Breast Cancer Blog

Thursday, October 4, 2012

Sue had an appointment to see her Oncologist today. Before seeing the doctor, the nurse took her blood pressure, which turned out normal. Her blood pressure medication is doing its job.

It is still too early to start her on chemotherapy. The doctor wanted to tell us about a clinical trial that Sue qualifies for. Because of the size of the tumor and the fact that it is an aggressive cancer that is HER2-positive, she has a 40% chance that cancer will develop somewhere else in her body if she does nothing. By taking the standard medical treatment of chemotherapy and Herceptin, her chances of developing cancer drop to 15% to 20%. The clinical trial is to see if they can lower those chances even further.

The drug is called Pertuzumab and is already FDA approved for treating HER2-positive metastatic breast cancer (breast cancer that has spread to other parts of the body). The clinical trial is to see if it will also help prevent cancer from coming back in patients like Sue where the cancer has not spread.

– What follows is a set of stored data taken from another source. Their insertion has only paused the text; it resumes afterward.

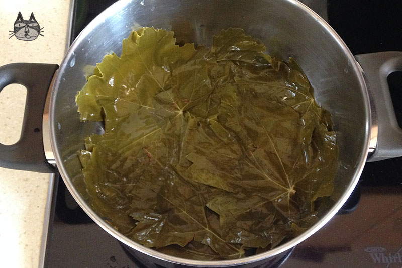 - When you have finished folding all of the vine leaves (you may have extra leaves), use the big vine leaves you set aside earlier to line the bottom of a big pot. The pot should ideally be short but big in diameter. But any big pot would do.
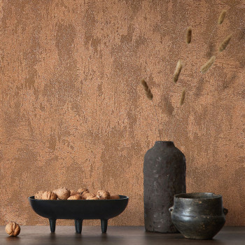Wallpaper with a vinyl surface, brown-bronze plaster finish design, matte and subtle semi-gloss, fine texture.
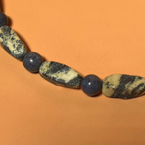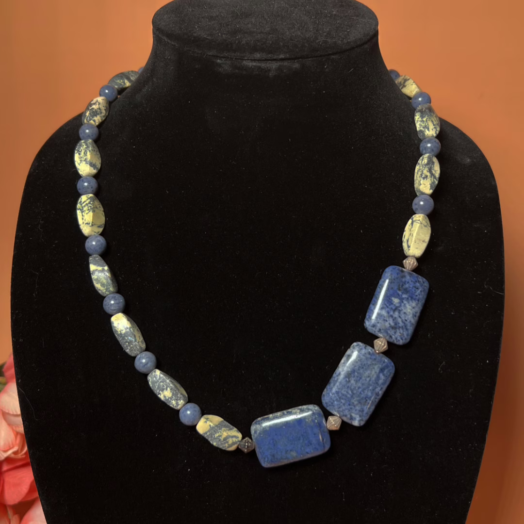 This Offset Blue Stone Necklace consists of Large Rectangular Focal Beads with a Mix of Round and Barrel Beads, Silver-plated spacer beads and an Antique Silver-plated Toggle Clasp.
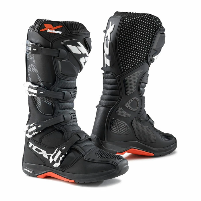 Tcx X-HELIUM MICHELINยฎ boot, middle of the range in the off-road line, is fitted with the new MICHELINยฎ MX Hybrid sole which stands out for its specific design that affords maximum grip, traction and stability. The special mixture used to produce it makes it highly resistant to abrasions and tears. UPPER: microfibre, padded front and ankle area. LINING: AIR TECH breathable. REINFORCEMENTS: inside microfibre heat guard, shin plate, polyurethane heel and ankle guard, polyurethane toe guard. BUCKLES: aluminium buckles, new ergonomic design, micro adjustable and replaceable. SOLE: MICHELIN MX Hybrid sole.
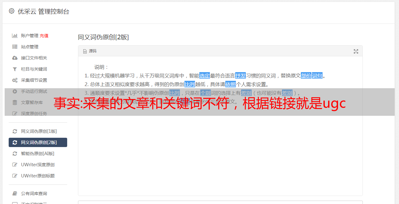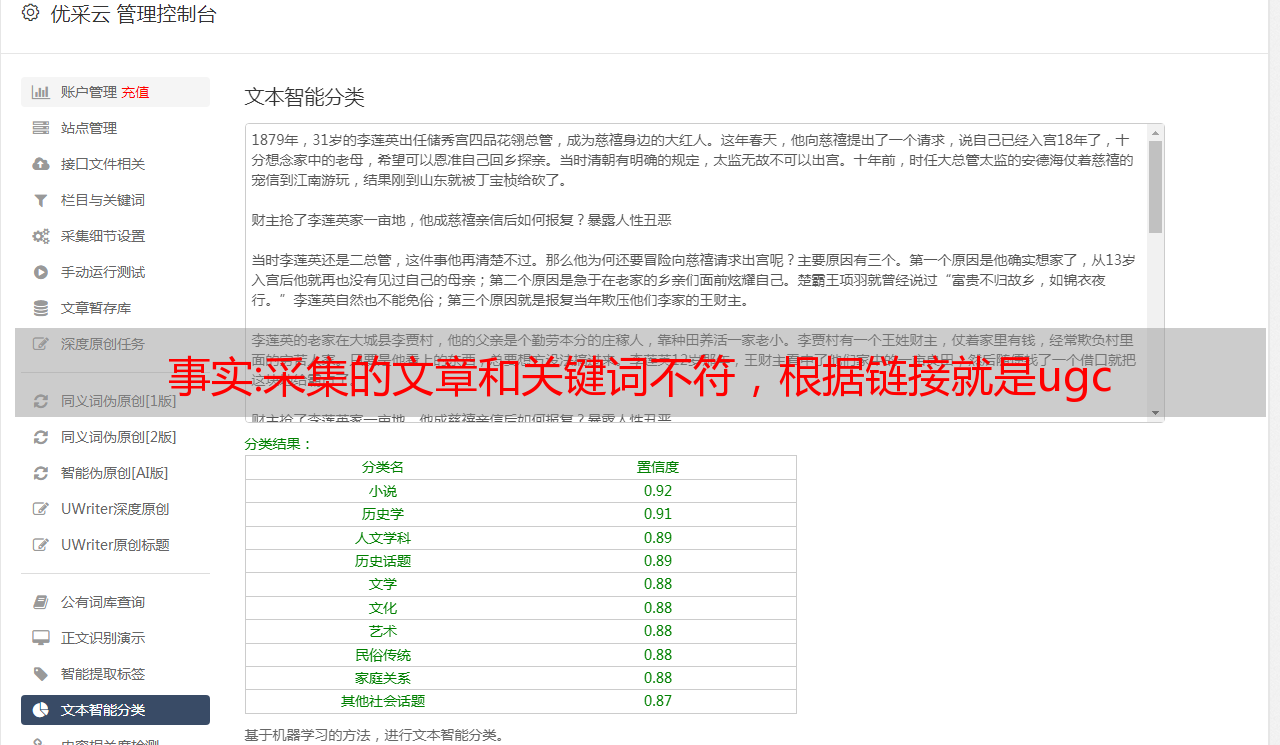 事实:采集的文章和关键词不符,根据链接就是ugc

If Sue does the trial, she still gets the chemotherapy plus the Herceptin as originally planned. She will also either receive a dose of the Pertuzumab, or a placebo. Half the people participating in the study get the drug, and the other half get the placebo. We won't know which one Sue gets.

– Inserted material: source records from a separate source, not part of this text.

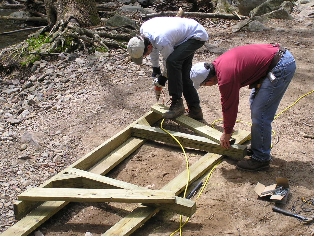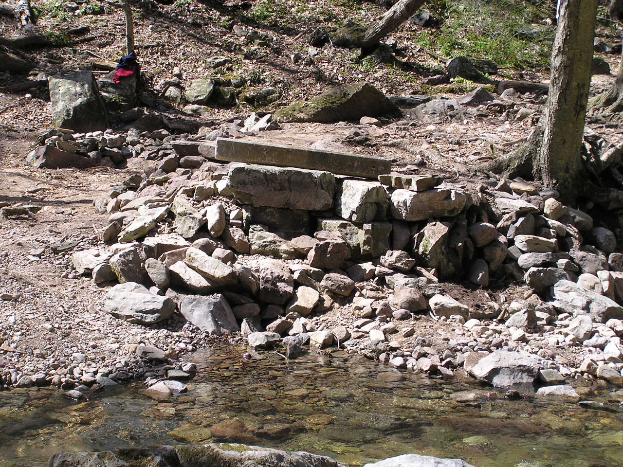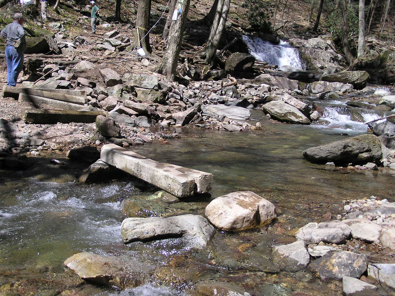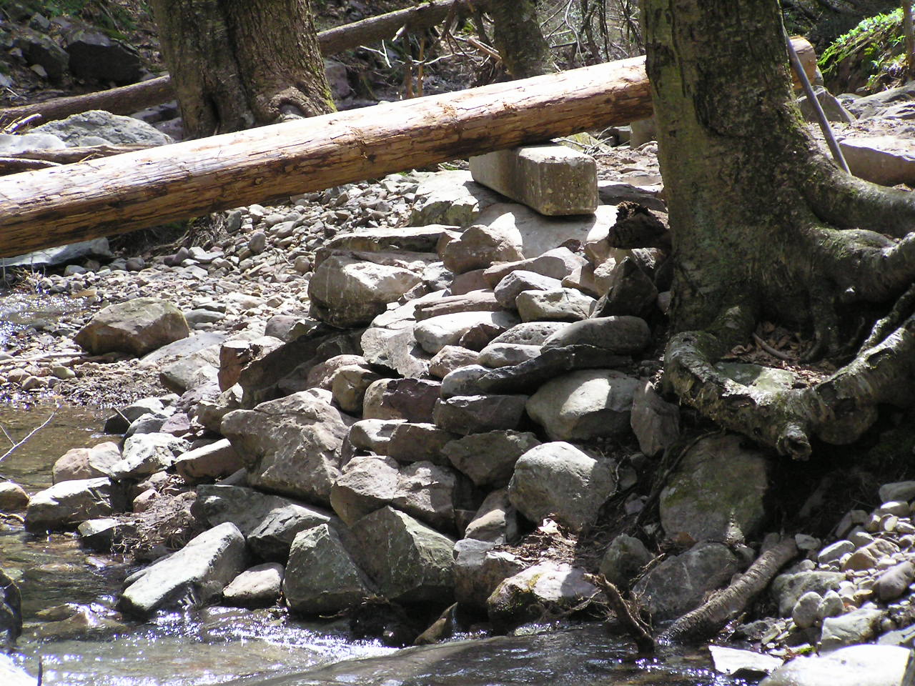 One of the first steps was to pull out the old concrete beams which had been the footing timbers for the old bridge. We used a couple of them to build a make-shift crossing so that we (and the many hikers) could get across the now 3-foot deep channel.
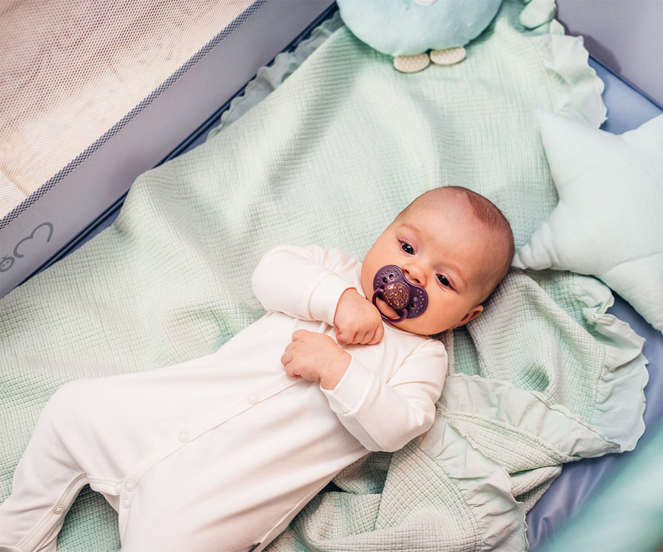 Stranske stene potovalne posteljice so narejene iz trpežne mrežaste tkanine, ki zagotavlja pravilno kroženje zraka. Poleg tega bo otrok po prebujanju lahko videl svojo mamo.
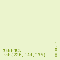 Цвет #EBF4CD в цветовой модели RGB обозначается тремя октетами (235, 244, 205) в десятичном формате и #EBF4CD в шестнадцатиричном (hex) формате, которые являются интенсивностью красного 235 (hex EB), интенсивность зелёного 244 (hex F4) и интенсивность синего 205 (hex CD).
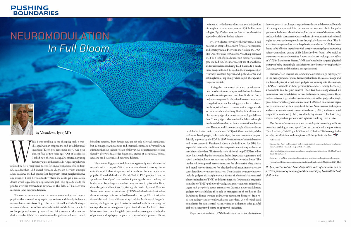 Dr. Iyer practices at the Neurodiagnostic Center of Louisville and is a retired professor of neurology at the University of Louisville School of Medicine.

There appears to be little or no side affects. We have to read all the literature they gave us to find out more before we decide. The drug is free since it is still in the clinical trial stage. It appears the only negative we can see in participating is that she will have to spend an extra hour or so every time she goes for her chemotherapy treatments so that they can give her this trial drug (or placebo). She has the option to stop the trial at anytime.

After meeting with the Oncologist, we went to the plastic surgeon's office to have some of her surgical drain tubes removed. She is now down from 4 drains to 2 drains. They said it will probably be another week before the last two can be removed. They gave her some antibiotics as a precaution to fight any infections that could be developing around the incisions.